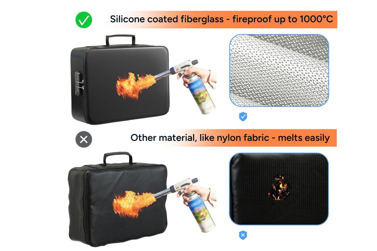 - Fireproof and water-resistant protection. Double-layered fibreglass withstands up to 1000°C and repels water.
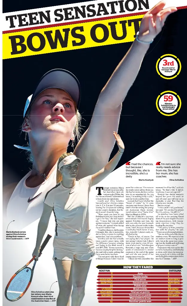 Marta kostyuk lost to elina svitolina in straight sets in their australian open 3rd round match.(reuters).
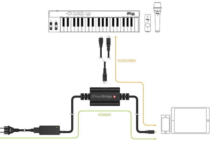 iRig PowerBridge оснащений двома незнімними кабелями і одним Mini-DIN роз'ємом. Один кабель підключається в електричну мережу, а другий - до iPhone, iPad або iPod touch. У центральному блоці розміщений Mini-DIN коннектор, що дозволяє підключити будь-який цифровий iRig пристрій, обладнаний Mini-DIN або Micro-USB портом. Використовуючи таке з'єднання, iRig PowerBridge безперервно живить і заряджає підключені до нього гаджети, в той же час пропускаючи через себе аудіо і MIDI інформацію, якою обмінюються iRig і iPhone, iPad або iPod touch.
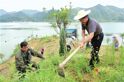 4日,富水湖畔,在通山县慈口乡茶园村一座孤岛上,县公共资源交易监督管理局员工正在清除杂草,让年初种植的红叶石楠、枇杷、松树等茁壮成长。
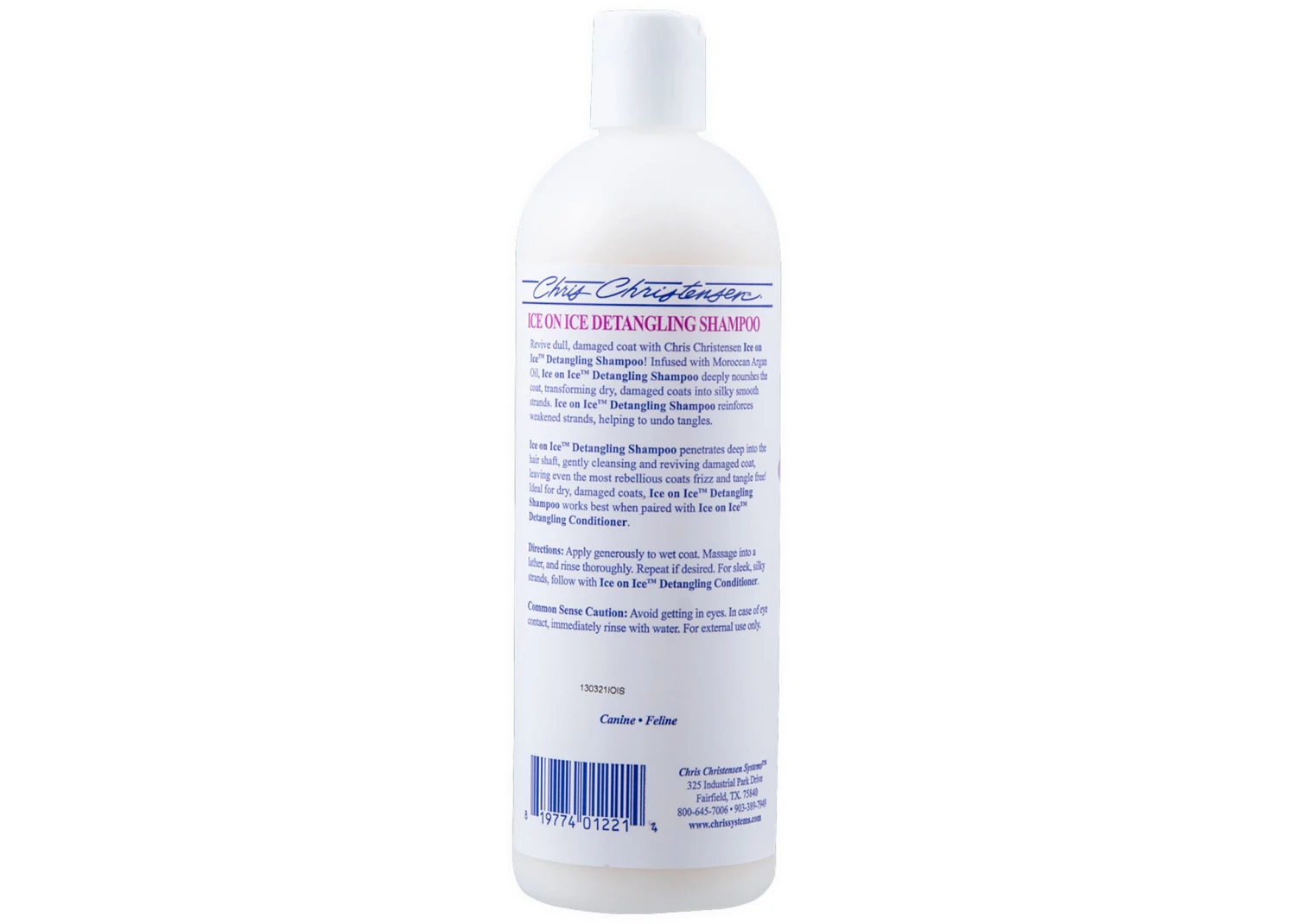 Keep your pet’s coat glossy and tangle-free with Chris Christensen Systems Ice on Ice Detangling Shampoo. This luxurious shampoo is infused with Moroccan Argan Oil to nourish dull, damaged coats. Deeply penetrating the hair shaft, this shampoo works to revive even dry, damaged coats and turn them into a sleek, smooth mane.
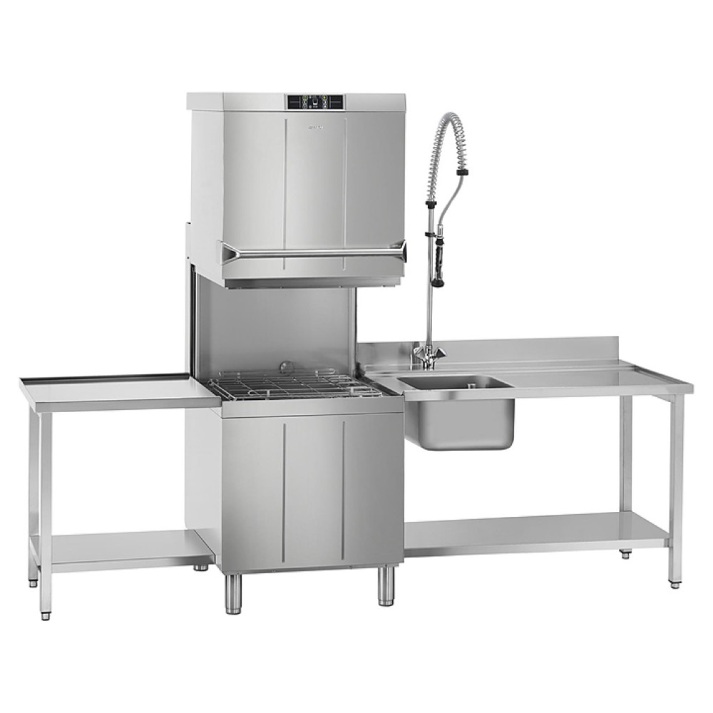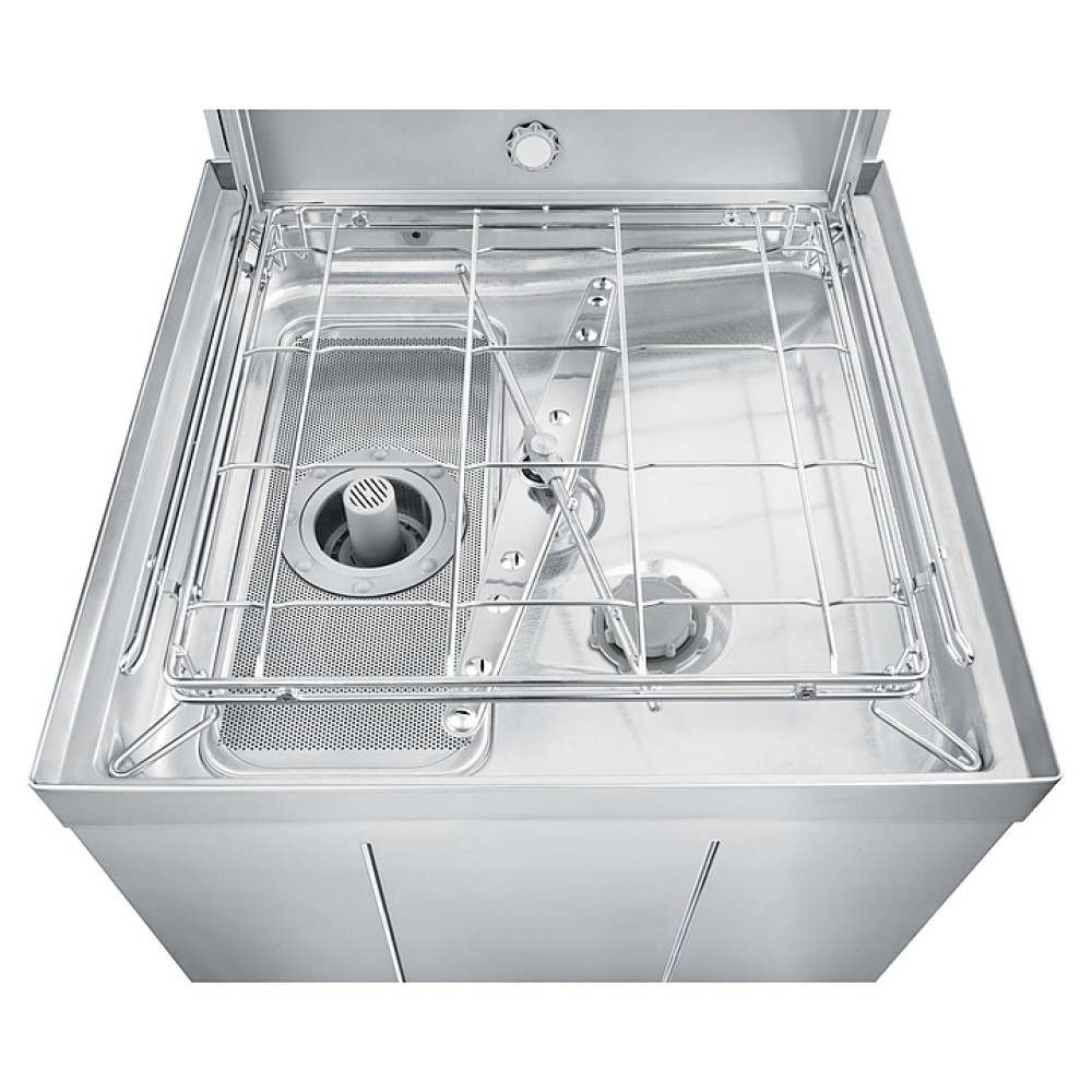 Купольная посудомоечная машина Smeg HTY625DEH серии TopLine используется на предприятиях общественного питания и торговли для мойки столовых приборов, тарелок, стаканов, чашек и другой посуды. Модель оснащена электронной панелью управления. Корпус, моющие и ополаскивающие рукава выполнены из нержавеющей стали AISI 304.

### What is being asked
Your response should reproduce the entire listing verbatim, minus the pictures.

### Solution to this exercise
 - Fireproof and water-resistant protection. Double-layered fibreglass withstands up to 1000°C and repels water.
 Marta kostyuk lost to elina svitolina in straight sets in their australian open 3rd round match.(reuters).
 iRig PowerBridge оснащений двома незнімними кабелями і одним Mini-DIN роз'ємом. Один кабель підключається в електричну мережу, а другий - до iPhone, iPad або iPod touch. У центральному блоці розміщений Mini-DIN коннектор, що дозволяє підключити будь-який цифровий iRig пристрій, обладнаний Mini-DIN або Micro-USB портом. Використовуючи таке з'єднання, iRig PowerBridge безперервно живить і заряджає підключені до нього гаджети, в той же час пропускаючи через себе аудіо і MIDI інформацію, якою обмінюються iRig і iPhone, iPad або iPod touch.
 4日,富水湖畔,在通山县慈口乡茶园村一座孤岛上,县公共资源交易监督管理局员工正在清除杂草,让年初种植的红叶石楠、枇杷、松树等茁壮成长。
 Keep your pet’s coat glossy and tangle-free with Chris Christensen Systems Ice on Ice Detangling Shampoo. This luxurious shampoo is infused with Moroccan Argan Oil to nourish dull, damaged coats. Deeply penetrating the hair shaft, this shampoo works to revive even dry, damaged coats and turn them into a sleek, smooth mane.
 Купольная посудомоечная машина Smeg HTY625DEH серии TopLine используется на предприятиях общественного питания и торговли для мойки столовых приборов, тарелок, стаканов, чашек и другой посуды. Модель оснащена электронной панелью управления. Корпус, моющие и ополаскивающие рукава выполнены из нержавеющей стали AISI 304.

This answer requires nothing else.